My front door closed with a click and a creak, echoing throughout the now sleeping house. I looked at the clock by the closet. 12:53 a.m. I breathed out a breath in relief, knowing the darkness could only mean that my grandmother was fast asleep in her master bedroom and wouldn't hear me coming in an hour later than my curfew.

But the darkness was a whole other thing. I was never good in the pitch blackness of the otherwise comforting house, always having the light on my alarm clock to gleam in my room at night. It was one thing I quickly took notice of when I first moved in here with grandmother.

The clouds must have shifted outside, because a sliver of white light flickered through the window of the front door, illuminating the biggest picture that hung on the wall in front of me.

My father's sparkling brown eyes stared back at me, his model-like smile brightening up the entire picture.
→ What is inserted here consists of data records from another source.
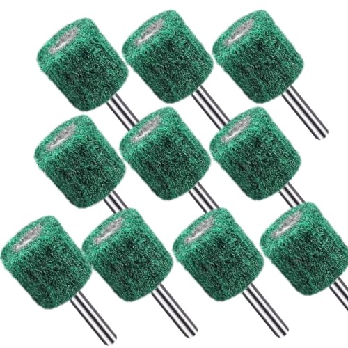 繊維研磨ホイールフラップホイールは、6mm軸、厚み25mm、直径25mmの研削ヘッドで、グリーン色の10個入り。回転工具用の研磨バフとして最適です。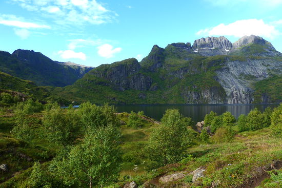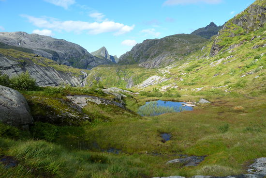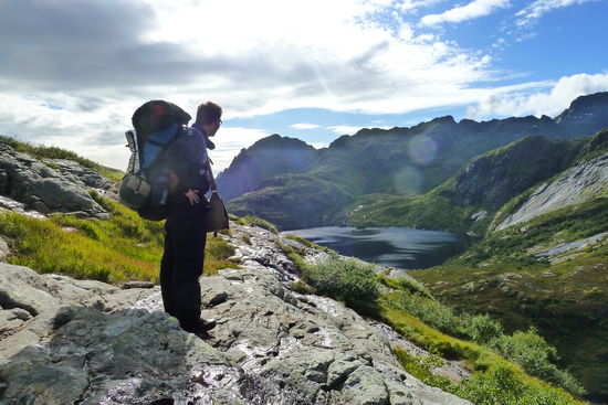 Bin um circa 10 Uhr aufgewacht. Erstmal schön Essen gemacht dann Sachen zusammengepackt und los ging es. Am Abend zuvor hatte ich mir eine Landkarte 1:50000 geholt, in der alle Wanderrouten zu finden waren, und mir direkt eine schöne Tour ausgesucht. War zwar extrem hart, da ich um die 24 Kg Gepäck mit mir trug und der Weg doch zum Teil sehr steile Passagen hatte. Aber da das Wetter so super war, habe ich viele Pausen eingelegt. Nach 9 stündigen Wanderns hatte ich endlich ein schönes Fleckchen Erde gefunden, das perfekt war um einige Tage dort auszuharren.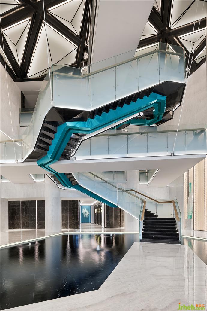 接待大厅像是一个轻轻漂浮空中的巨大艺术盒子。钻石切面延续了入口的菱形,截取纹理的精致墙面层层铺叠,可以变换颜色的光影,让空间粼粼流淌起来。抽象演绎的齿轮元素被设计师融入蓝绿色背景墙的钟盘造型设计中,寓意以时间铭刻城市历史。酒店装修设计

His black hair that was an exact copy of mine curled in wild bundles down to his strong shoulder blades. His face was beyond handsome, and it always was in my early memories. There was no wonder as to why my mother had fallen for this man at first sight, just as she used to tell me in the stories of the event in my childhood, me always thinking of their love story as just like the princess' in the old story books we always had laying around the house. I was always willing to listen to those stories, but not only for the tale. I usually asked to hear of them once more just to listen to my mother's velvety voice, loving it's sound as it rocked me to sleep.

My eyes drifted back up to the picture. Looking at it now more carefully, I noticed how it was a professional picture dating years back to my father's late college days.